How To Replace Accented Characters With Regular latin Characters ?

We got a request from a client, to convert the accented characters of multiple Excel files to plain Latin. Excel VBA is great and really handy but there is no method to perform such a task using VB code. On the other hand C# inherits all beautiful .Net libraries, and it’s so easy to solve the above problem. Why not bring the .Net world close to the “vintage” world of VBA?

So here is what we did. We prepared a method in C# (added also other languages samples)  that fixes the problem and then made it public to the VBA IDE:

				
					C#
------------------------
string accentedStr = "Staré Město";
byte[] tempBytes;
tempBytes = Encoding.GetEncoding("ISO-8859-8").GetBytes(accentedStr);
string asciiStr = Encoding.UTF8.GetString(tempBytes);
  
   
            
PHP
------------------------
$accentedStr = "Staré Město";
$tempBytes = iconv("UTF-8", "ISO-8859-8", $accentedStr);
$asciiStr = iconv("ISO-8859-8", "UTF-8", $tempBytes);

echo $asciiStr;




Javascript#1
------------------------
const accentedStr = "Staré Město";

// Encoding the accented string to ISO-8859-8
const utf8Encoder = new TextEncoder();
const utf8Buffer = utf8Encoder.encode(accentedStr);
const latin1Decoder = new TextDecoder("ISO-8859-8", {fatal: true});
const latin1Str = latin1Decoder.decode(utf8Buffer);

// Decoding the ISO-8859-8 string back to UTF-8
const latin1Encoder = new TextEncoder("ISO-8859-8", {NONSTANDARD_allowLegacyEncoding: true});
const latin1Buffer = latin1Encoder.encode(latin1Str);
const utf8Decoder = new TextDecoder();
const asciiStr = utf8Decoder.decode(latin1Buffer);

console.log(asciiStr);



Javascript#2
------------------------
function removeAccents(str) {
		  return str.normalize('NFD').replace(/[\u0300-\u036f]/g, '');
		}


python
------------------------
accented_str = "Staré Město"
temp_bytes = accented_str.encode("ISO-8859-8", errors="replace")
ascii_str = temp_bytes.decode("ISO-8859-8")

print(ascii_str)



Powershell
------------------------
$accentedStr = "Staré Město"

$sourceEncoding = [System.Text.Encoding]::UTF8
$targetEncoding = [System.Text.Encoding]::GetEncoding("ISO-8859-8")

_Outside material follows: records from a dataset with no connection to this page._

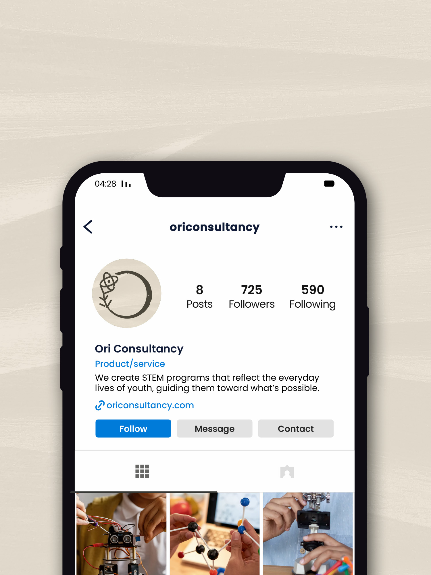 In early ideating on the logo, my North Star was Ori's three pillars: community, STEM, and education. Before creating the logo, I created three custom icons that represent each of the brand's pillars. I realized if I combined the three icons in a very intentional way, they resemble a flower, which felt a poetic way to represent how Ori is helping to facilitate growth and emboldening youth to create their own futures.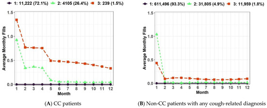 We identified three distinct CM utilization trajectories in CC patients (Figure 3); (1) Group 1: no CM use (n = 11,222; 72.1%), (2) Group 2: declining CM use (n = 4105; 26.4%), and (3) Group 3: chronic CM use (n = 239; 1.5%). We identified three distinct CM utilization trajectories in non-CC patients with any cough-related diagnosis (Figure 3); (1) Group 1: no CM use (n = 611,496; 93.3%), (2) Group 2: declining CM use (n = 31,805; 4.9%), and (3) Group 3: chronic minimal CM use (n = 11,959; 1.8%).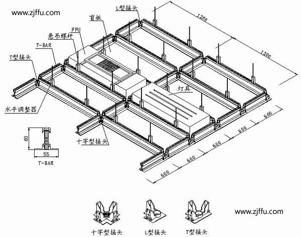當龍骨安裝一定區域后,需進行臨時定位,用重錘矯正吊頂的中心與十字基準線,偏差需在一毫米范圍內。可選擇柱子或土建鋼構和墻為定位點。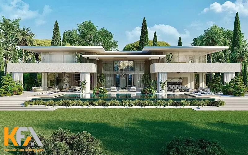 Kiểu hiện đại: Đặc trưng bởi đường nét tối giản, hình khối rõ ràng, sử dụng vật liệu hiện đại như bê tông, kính, kim loại.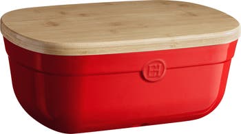 Elegance and function converge in our Emile Henry Bread Box, meticulously designed to create an environment that harmonizes humidity for a soft bread interior and ensures proper air circulation to maintain a crispy crust. Our spacious yet compact design offers ample room for airflow while neatly fitting onto any countertop. The wooden lid, smooth on top and grooved on the cutting side, effortlessly collects crumbs during slicing, adding convenience to its charm.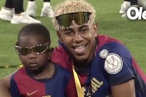 比赛结束后,17岁的亚马尔与弟弟一起庆祝。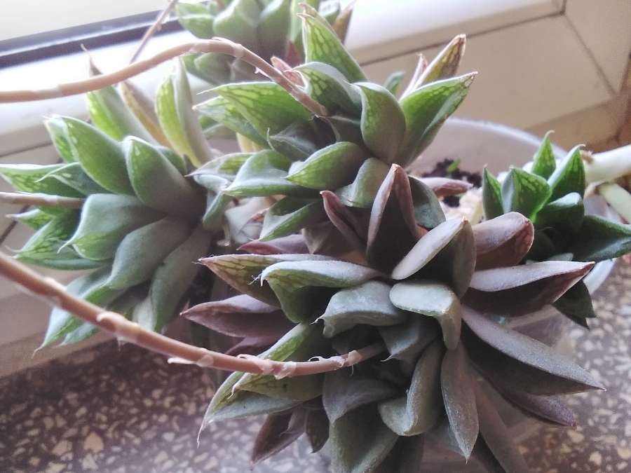 Proszę o identyfikację. Co to za sukulent? Kwitnie małymi białymi kwiatkami na długich łodyżkach. Czerwienieje na słońcu. Lubi rzadkie podlewanie. Czy można go jakoś odmładzać gdy uschną dolne liście? Czy mogą go zaatakować wciornastki? Czym je wtedy zwalczać?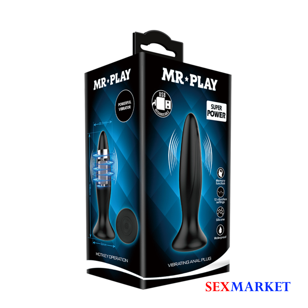MR*PLAY – წყალგაუმტარი ანალური საცობი ვიბრაციით. აქვს 12 რეჟიმი, რაც საშუალებას მოგცემთ ღილაკზე დაჭერით დაარეგულიროთ თქვენთვის სასურველი ვიბრაციის ინტენსივობა.. მოყვება USB დამტენი. მთლიანი სიგრძე: 12.8 სმ, დიამეტრი: 3.5 სმ.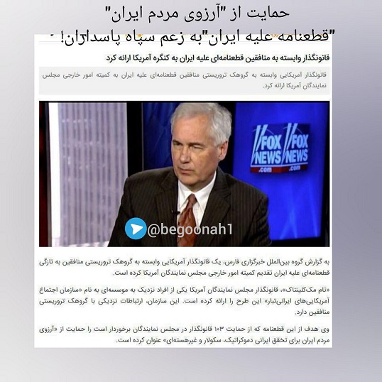 «یک قانونگذار آمریکایی وابسته به مجاهدین، با تازگی قطعنامهای علیه ایران ارائه کرده است!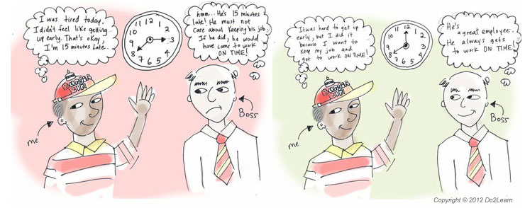 Thought stories are very similar to coping comics in that they use drawings or comics to clarify attribution (details that explain why something happened) or perspective (what someone is thinking). The main difference between the two strategies is that coping comics use open dialog (back and forth conversations) to teach what to do or say in certain situations. Thought stories use thought bubbles to show what people are thinking.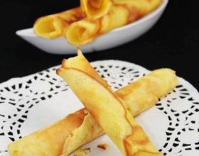 6,在用平底锅烙的全程中,都要保持文火,以免火力太高,面糊入平底锅加速凝固,面皮太厚,蛋卷不薄脆。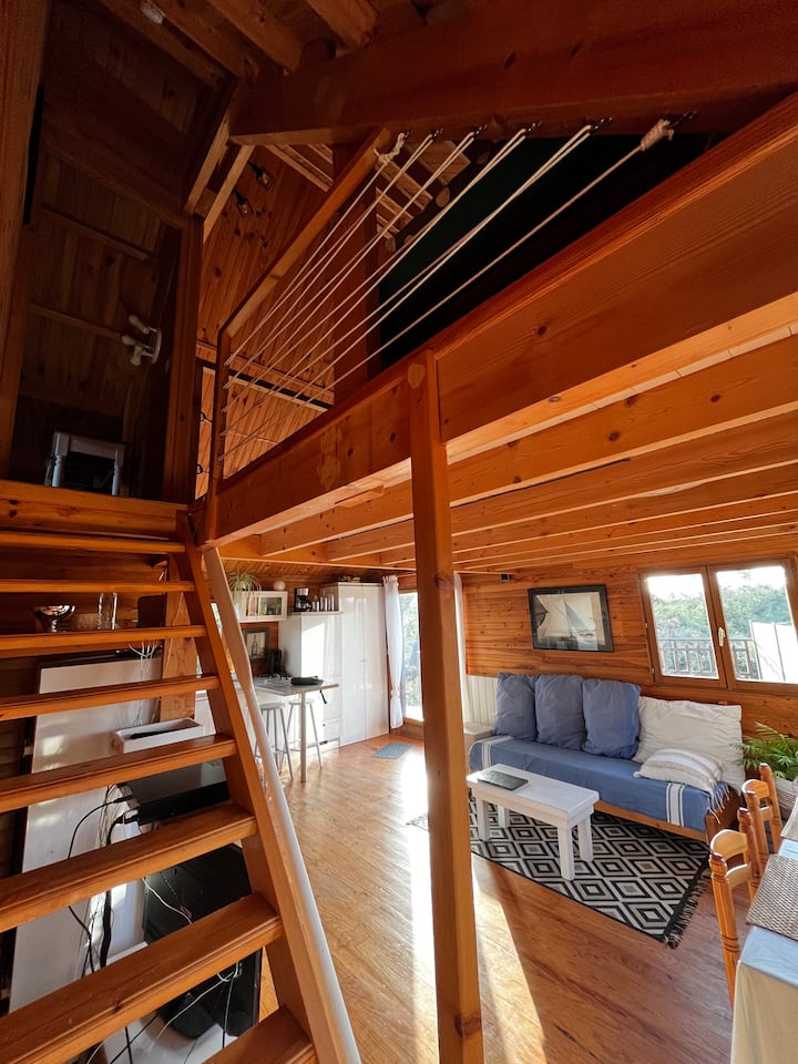 בית עץ עם נוף לים באוריניי וגינה

$byteArray = $sourceEncoding.GetBytes($accentedStr)
$tempBytes = $targetEncoding.GetString($byteArray)
$asciiStr = $sourceEncoding.GetString($targetEncoding.GetBytes($tempBytes))

Write-Host $asciiStr




MySQL
------------------------
-- Create a table to store the original and converted strings
CREATE TABLE string_conversion (
    id INT AUTO_INCREMENT PRIMARY KEY,
    original_str VARCHAR(255),
    converted_str VARCHAR(255)
);

-- Insert the accented string into the table
INSERT INTO string_conversion (original_str)
VALUES ('Staré Město');

-- Update the table, converting the original string from utf8mb4 (default charset in MySQL) to latin1 (ISO-8859-1)
-- Note that ISO-8859-8 is not supported in MySQL, so we'll use ISO-8859-1 as an example
UPDATE string_conversion
SET converted_str = CONVERT(CONVERT(original_str USING latin1) USING utf8mb4)
WHERE id = 1;

-- Select the converted string from the table
SELECT converted_str FROM string_conversion WHERE id = 1;




Java
------------------------
import java.nio.charset.Charset;
import java.nio.charset.StandardCharsets;

public class Main {
    public static void main(String[] args) {
        String accentedStr = "Staré Město";

        byte[] tempBytes;
        try {
            tempBytes = accentedStr.getBytes("ISO-8859-8");
            String asciiStr = new String(tempBytes, StandardCharsets.UTF_8);
            System.out.println(asciiStr);
        } catch (java.io.UnsupportedEncodingException e) {
            System.err.println("Unsupported encoding: " + e.getMessage());
        }
    }
}


				
			

And from the Excel VBA IDE:
We registered the C# Library from Tools | References, and we added the following method:

				
					'
' VBA
'
Public Sub Convert()
                    
    Application.Cursor = xlWait
    
    'Create Object from C#
    Dim obj As CSharpTools.CSharpTools
    Set obj = New CSharpTools.CSharpTools
        
    Dim CountRows As Long
    Dim ActiveCol
    ActiveCol = ActiveCell.Column
    Cells(1, ActiveCol).Select
    
    'Get the last row in the current region
    CountRows = Cells(1, ActiveCol).End(xlDown).Row
    
    Dim i As Long
    For i = 1 To CountRows
    
        'Convert each cell to Latin characters
        Cells(i, ActiveCol).Value = obj.ConvertFromUTF8ToLatin(Cells(i, ActiveCol).Value)
    
    Next i
    
    Application.Cursor = xlDefault
    
End Sub
				
			

With the above code we can convert a whole Excel column at no time at all !

 

WE also BUILT A STAND ALONE QUICK TOOL TO LET YOU CONVERT THOSE ACCENTED CHARS:

Synergy-Replace-Accented-To-Latin
Download your free CONVERSION TOOL

 

The code below is a complete tested C# console app using .Net Framewok 4.8.
You can run this app from the command line.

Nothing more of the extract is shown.